May 27, 2004
Phone: (504) 865-5714
It was more than half a century ago when 13 African-American families, encouraged by the NAACP, challenged the law--and conscience--of America by attempting to enroll in a "whites only" elementary school in Topeka, Kansas.
After they were denied access, their case was taken up by the NAACP in a lawsuit filed against the Board of Education in Topeka. The list of plaintiffs, determined alphabetically, began with the family of third-grader Linda Brown.
Fifty years ago this month, the U.S. Supreme Court ruled on Brown v. Board of Education, declaring that segregating children in public schools by race is unconstitutional under the provision of equal protection articulated in the 14th Amendment.
The importance of this seminal moment in American history is perhaps not so much how the court ruling changed education in America, but how it changed the way Americans viewed issues of race, says Ray Diamond, professor of law and co-author of Brown v. Board of Education: Caste, Culture and the Constitution.
Brown v. Board is not simply a landmark case but also the metaphor of race relations in 1954 and beyond, says Diamond. "It is a case that represents the beginning of the end of the Jim Crow era and American apartheid. It presages the end of what [my co-authors and I] have called the American racial caste system."
According to Diamond, Brown may be the key moment in the Civil Rights struggle, noting that the Montgomery bus boycott , the public outrage over the murder of Emmett Till and the Little Rock crisis all occured after the court's ruling.
"Brown changes our minds," says Diamond. "It is that which forces us to turn the bright light of equality on American race relations."
While the unanimous decision carried a conscience-changing moral authority that demanded blacks be included more broadly in all aspects of American life, it may ultimately have been ineffective in actually integrating American public schools, says Diamond.
"Many studies have concluded that schools are more segregated today than in 1954," says Diamond. That's because the court failed to deal with the question of remedy. In fact, when the court revisited Brown the following year to decide how to remediate segregation, it produced language that, according to Diamond, "oozed equivocation from every pore. Desegregation would occur with all deliberate speed and not with any insistency."
The Supreme Court ultimately left the matter of remedy to the district courts, where Southerners had traditionally found ways around court mandates. "I think the history of implementation of Brown is a very sorry history," says Diamond. "What Brown II did was give plenty of lead time for white Southerners to put in place strategies to avoid desegregation. And we saw the institution of private schools. What we have today are many schools that used to be segregation academies that don't discriminate any more. And public schools are rendered to black and mostly poor people."
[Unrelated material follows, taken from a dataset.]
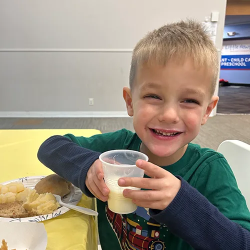 Families join us for a warm meal together, celebrating gratitude and community.
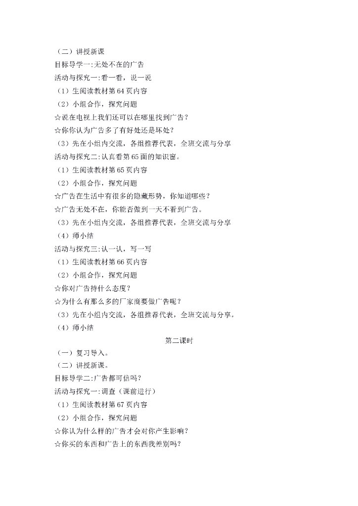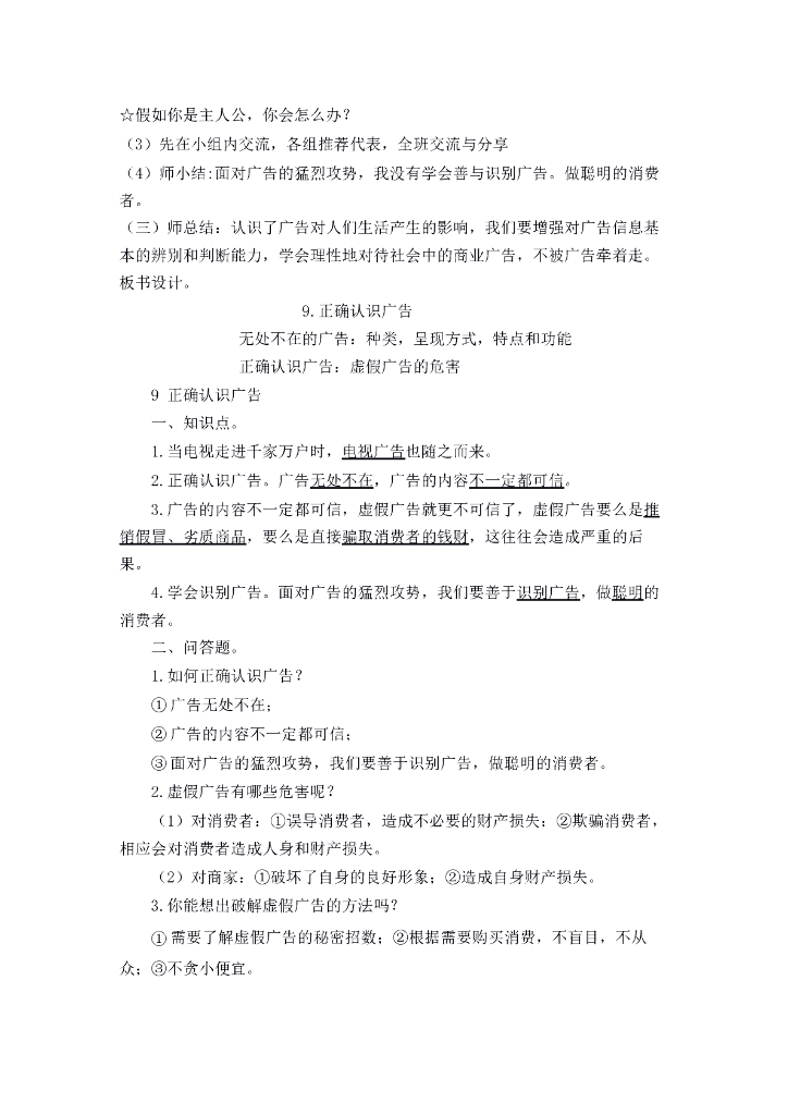 道德与法制9 正确认识广告 教案1-2课时.doc

Diamond's personal view, and one not included in the book or necessarily shared by his co-authors Robert Cottrol (George Washington Law School) and Leland Ware (University of Delaware), is that if the court had taken strong measures with respect to remedy "we might have a different experience with the desegregation of schools."
Still, Diamond believes the 1954 ruling exerts power and influence in our own lives. "Brown still speaks wonders about the need for racial reconciliation in this country and active measures to produce racial inclusion." Brown v. Board of Education: Caste, Culture and the Constitution, which won the David J. Langum Sr. Prize for Historical Literature in 2003, was published last year by University Press of Kansas.